** Items from a data source **
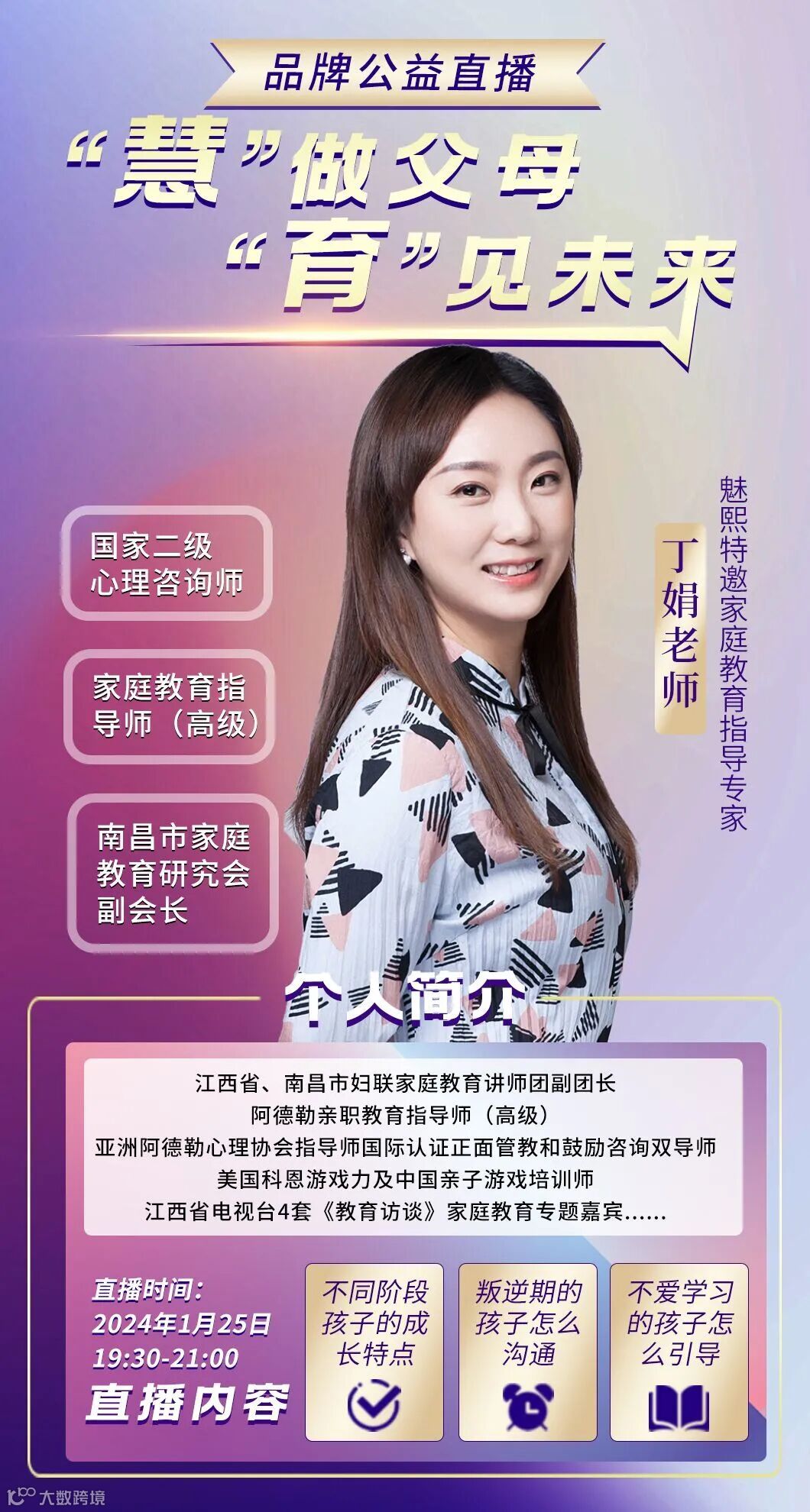 我们邀请丁娟老师,于本月25日晚上7点30分,做客魅熙品牌直播间。丁娟老师将现场解答各种亲子关系问题。大家有任何亲子问题,都可以在评论区留言,直播期间可优先解答!
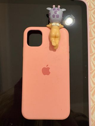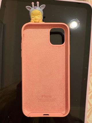 Custodia per iPhone 11 di colore rosa con un sonny angel. Design accattivante. Materiale morbido al tatto.
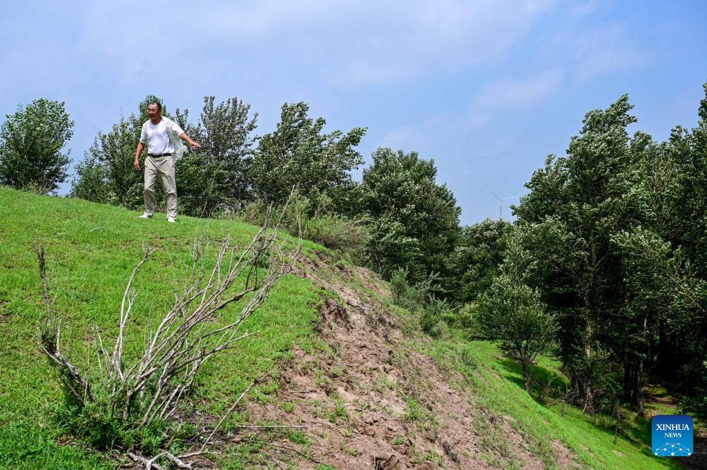 Bai Shun walks on a path to a forest in Bulteger Gacha, Horqin Left Wing Rear Banner of Tongliao City, north China's Inner Mongolia Autonomous Region, Aug. 2, 2023. (Xinhua/Lian Zhen)
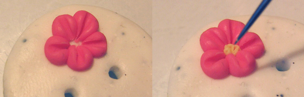 [320x102]У вас должна выйти пяти лепестковый цветок. А теперь ему нужно сделать серединку. Для этого возьмите немного желтой глины и, при помощи иглы, короткими резкими движениями сформируйте серединку.
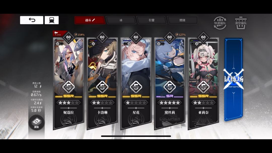 图为我练满的角色,全都用过,没一点云。 先点评弃牌雷:性价比最高,但大后期不如飞斧。和速转火队并列第二。(一分钟前强于速转火) 分配队,装备,词条三方面说一下。 一.各种情况配队 以基础配队为:那由他,卡莱雅,菲妮娅,卡洛琳,冯里奈举例。 1.极限高压求稳(50级左右auto污染十骨龙的时候,现在没必要了。)会上朱利安和镜流下那由他和卡莱雅。朱利安镜流冯里奈三位能保证每个过牌循环,你能有25到30

** DESCRIPTION OF THE TASK **
Return the lines exactly as they stand, from the start of the entries through the line holding "Bai Shun walks"; omit the pictures.

** ANSWER BOX **
 我们邀请丁娟老师,于本月25日晚上7点30分,做客魅熙品牌直播间。丁娟老师将现场解答各种亲子关系问题。大家有任何亲子问题,都可以在评论区留言,直播期间可优先解答!
 Custodia per iPhone 11 di colore rosa con un sonny angel. Design accattivante. Materiale morbido al tatto.
 Bai Shun walks on a path to a forest in Bulteger Gacha, Horqin Left Wing Rear Banner of Tongliao City, north China's Inner Mongolia Autonomous Region, Aug. 2, 2023. (Xinhua/Lian Zhen)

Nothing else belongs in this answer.